FMA Board Conflicts Policy

For the most part, it looks pretty good. They seem to define conflicts reasonably broadly (at least in some respects), and recognise that such conflicts might arise from the interests and activities of spouses, partners, and children.   There is active requirement to disclose, and an encouragement to be open and broad in applying the policy –  members are even referred to a relevant Supreme Court case.

6. A Member who is interested in a matter:
(a) must not vote or take part in any discussion or decision of the Board or any Committee relating to the matter or otherwise participate in any activity of FMA that relates to the matter;
(b) must not sign any document relating to the entry into of a transaction or the initiation of the matter; and
(c) is to be disregarded for the purpose for forming a quorum for that part of a meeting of the Board or Committee during which a discussion or decision relating to the matter occurs or is made.

And they are required to advise the Minister of any breach of the policy.   I was quite impressed.  Until I came to this, near the end.

The Chairperson may, by prior written notice to the Board permit one or more Members to remain involved in a matter to which they have an interest if the Chairperson is satisfied that it is in the public interest to do so. Such permission may be subject to any condition which the chairperson considers necessary. All such permissions must be disclosed in FMA’s annual report.
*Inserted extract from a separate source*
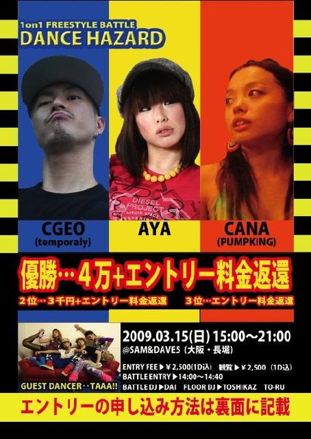 〜DANCE HAZARD 〜 <<1on1 FREE STYLE BATTLE>> 2009、3月15日(日) 15:00〜21:00 エントリー料金:¥2,500(1DRINK込) 観覧:¥2,500(1DRINK込) 優勝賞金:¥40,000+エントリー料金返還 準優勝:¥3,000+エントリー料金返還 3位:エントリー料金返還 ※優勝賞金4万円は3月迄の期間限定 場所:SAM&DAVE5(大阪・長堀) http://www.samanddave.jp/index.html ※堺筋線長堀橋駅の7番出口を出ますと斜め向かいにコンビニがあり、そのコンビニの横の並びに牛丼屋があります。その隣がSAM&DAVE5に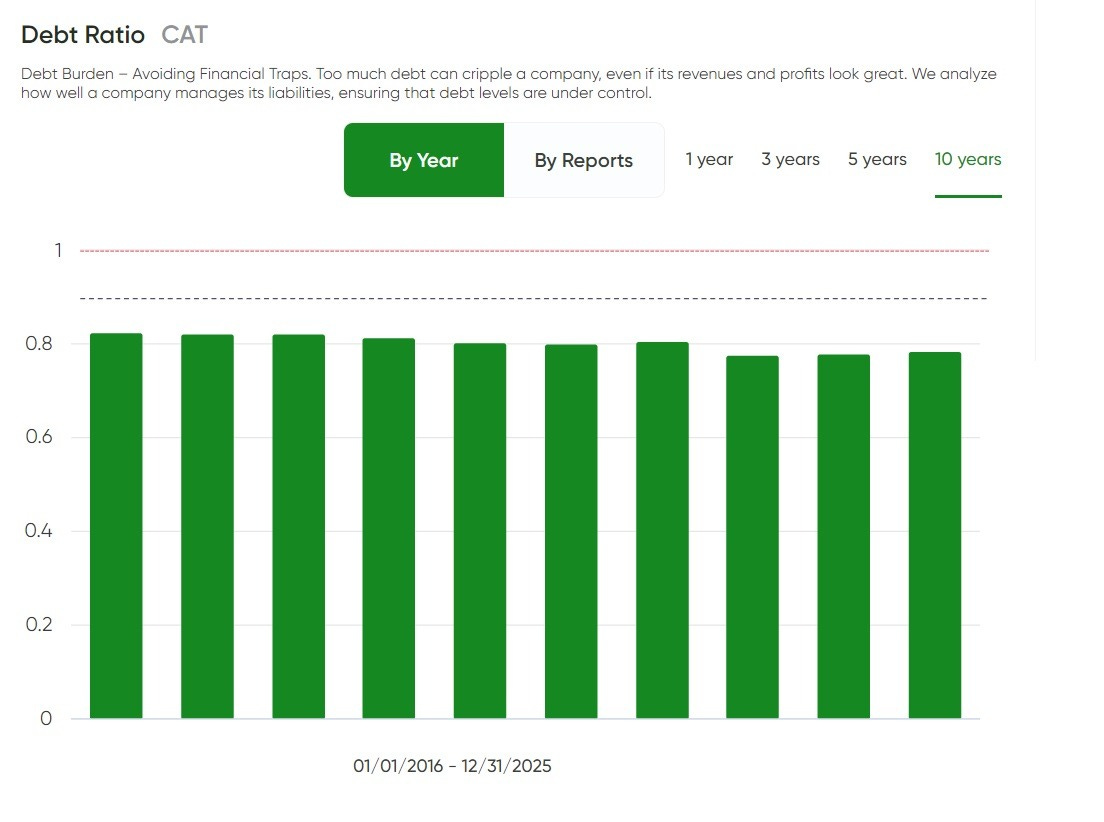 ✅ Debt burden passed — leverage is high, but Caterpillar’s pattern looks more like structural leverage supporting a capital‑intensive model, with the key positive being the overall stability of the ratio across the cycle.

Not even a majority of the Board has to agree, just the chair.  How can it ever be appropriate for someone with a conflict of interest to be, or remain, involved in the FMA’s determination of a matter in which they have an interest?  The Board has a range of members, and presumably can call on outside expertise on any matter on which it needs advice.  It seems almost unconceivable that there could be a circumstance in which a person’s contribution was so unique and irreplaceable that they should remain involved despite having declared and established a conflict of interest.    It is, perhaps, some small comfort that any such occasions have to be disclosed in the Annual Report (I didn’t see any in the latest Annual Report) –  but the Annual Report comes out with a considerable lag (and probably isn’t widely read).  Since making this sort of exception isn’t a breach of the rules, it doesn’t even need to be disclosed to the Minister at the time.

That rule, set up by the Board to govern its own conduct, falls well short of the sort of expectations we should have for a powerful public agency.  It should be clear and straightforward: if you have a conflict, you take no further involvement, and go out of your way to stay clear of this issue.  At very least, it is potential misconduct –  inappropriate conduct –  by the Board of the FMA, an institution content to demand that banks prove their innocence.

I could go on.  Compliance with the letter and the spirit of the Official Information Act is one of those standards of conduct we might expect from our regulatory agencies.  The Reserve Bank falls a long way short of the mark on that one (they are, for example, still fighting to keep secret their analysis, from last November, of the extent to which Kiwibuil might crowd out other construction).

And then there were some of the issues I wrote about a couple of weeks ago, whether neither the Bank nor the FMA could reasonably be considered to have met the sort of standard they expect –  under law, or not –  from others.